Adelup lying about Chris Duenas’s support of raises
Senators were surprised Thursday to discover Gov. Lou Leon Guerrero’s original pay raise proposal had failed to include about $7 million in funding needed to include General Pay Plan employees of the Guam Department of Education. The republican leader of the legislature, Sen. Frank Blas, Jr., raised concerns the new proposal has a substantially higher price tag – about $24 million for this fiscal year alone and nearly $50 million for next year – than the $16 million the governor initially told senators she needed.
“We want the raises to happen for the employees,” Sen. Chris Duenas said, “but we don’t want to leave out the DOE employees, and I don’t think it’s right that people making six figures will get a 22 percent pay raise.”
That was another detail senators discovered, to their chagrin, at a meeting of the legislative Committee on Rules, chaired by Sen. Chris Barnett.
Adelup and a faction of the Democratic Party of Guam have been making false statements about Mr. Duenas’s stance on the pay raises, saying the senator opposes them.
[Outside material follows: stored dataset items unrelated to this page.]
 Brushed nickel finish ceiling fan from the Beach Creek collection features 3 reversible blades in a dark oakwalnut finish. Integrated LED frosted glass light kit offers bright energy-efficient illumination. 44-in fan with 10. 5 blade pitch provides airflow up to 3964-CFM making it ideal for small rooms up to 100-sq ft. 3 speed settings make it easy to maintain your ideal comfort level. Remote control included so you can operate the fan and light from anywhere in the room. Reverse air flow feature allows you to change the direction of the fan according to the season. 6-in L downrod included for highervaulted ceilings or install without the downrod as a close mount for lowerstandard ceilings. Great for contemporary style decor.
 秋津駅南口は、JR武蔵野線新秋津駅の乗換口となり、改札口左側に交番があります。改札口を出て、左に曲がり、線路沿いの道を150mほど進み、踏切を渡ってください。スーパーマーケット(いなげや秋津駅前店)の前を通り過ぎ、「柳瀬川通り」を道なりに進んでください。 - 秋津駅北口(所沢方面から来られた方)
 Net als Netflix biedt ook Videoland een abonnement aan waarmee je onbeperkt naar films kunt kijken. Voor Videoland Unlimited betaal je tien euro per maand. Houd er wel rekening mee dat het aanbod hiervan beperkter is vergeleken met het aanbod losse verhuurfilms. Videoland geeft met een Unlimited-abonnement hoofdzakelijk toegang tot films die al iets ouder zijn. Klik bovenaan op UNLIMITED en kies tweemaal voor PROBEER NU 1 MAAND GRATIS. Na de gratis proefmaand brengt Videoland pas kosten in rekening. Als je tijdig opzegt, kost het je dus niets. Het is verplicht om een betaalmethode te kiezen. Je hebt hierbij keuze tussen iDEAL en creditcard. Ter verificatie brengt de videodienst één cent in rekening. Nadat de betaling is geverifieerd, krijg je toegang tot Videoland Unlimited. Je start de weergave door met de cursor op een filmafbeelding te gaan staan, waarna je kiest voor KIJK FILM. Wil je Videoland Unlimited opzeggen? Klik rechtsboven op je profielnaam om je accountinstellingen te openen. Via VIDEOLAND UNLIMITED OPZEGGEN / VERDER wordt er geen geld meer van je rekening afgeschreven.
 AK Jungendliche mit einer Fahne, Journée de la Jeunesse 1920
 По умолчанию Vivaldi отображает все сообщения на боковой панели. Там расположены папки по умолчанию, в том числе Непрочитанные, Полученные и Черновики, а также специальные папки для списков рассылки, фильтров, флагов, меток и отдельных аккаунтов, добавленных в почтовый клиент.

“That’s a lie,” Mr. Duenas told Kandit in an in-studio interview Friday. “I support the 22 percent pay raise for the rank and file employees. What I don’t support is giving a $22,000 pay raise to someone making $100,000.”
The senator said Mr. Barnett’s meeting revealed droves of high-paid General Pay Plan members in the executive branch would be entitled to the same 22 percent pay raise as public employees making only $22,000 a year. Under such a scenario, someone with an annual gross salary of $22,000 would get a $4,840 annual pay raise, while an employee currently paid $100,000 a year will get a pay raise “that’s equivalent to an entire salary for a new employee,” the senator said.
“How can this be truly about recruitment if the lower-paid employees are getting nothing compared to the six-figure employees,” the senator said.
The solution he said he and other senators will be considering is either to cut out six-figure employees from the raises, or to establish a sliding scale that reduces the percentage increase the higher the pay bracket in the six-figure categories.
“We can save millions by doing this, and send those millions to where it’s needed most: the schools,” Mr. Duenas said.
The conservative senator from Tamuning questioned Adelup’s priorities and motives as the administration pushes pay raises for six-figure employees while remaining silent on “the schools that are falling apart at the seams.”
As for the administration’s attacks on Mr. Duenas, Sen. Blas called out the governor for, again, failing to be transparent with both the public and the legislature.
“Of concern to Senator Duenas and the other Republican members of the 37th Guam Legislature’s Rules Committee was the lack of transparency and blatant attempt to place a bill that was substantially costlier and different than what was introduced and discussed in the bill’s public hearing,” Mr. Blas said in a news release Thursday evening.
“It’s sad that they originally left out the cost for GDOE when they told us $16 million, because they based their whole argument on the need to hire DOE employees in order to repair schools,” Mr. Duenas said. “We republicans are not going to leave out the schools.”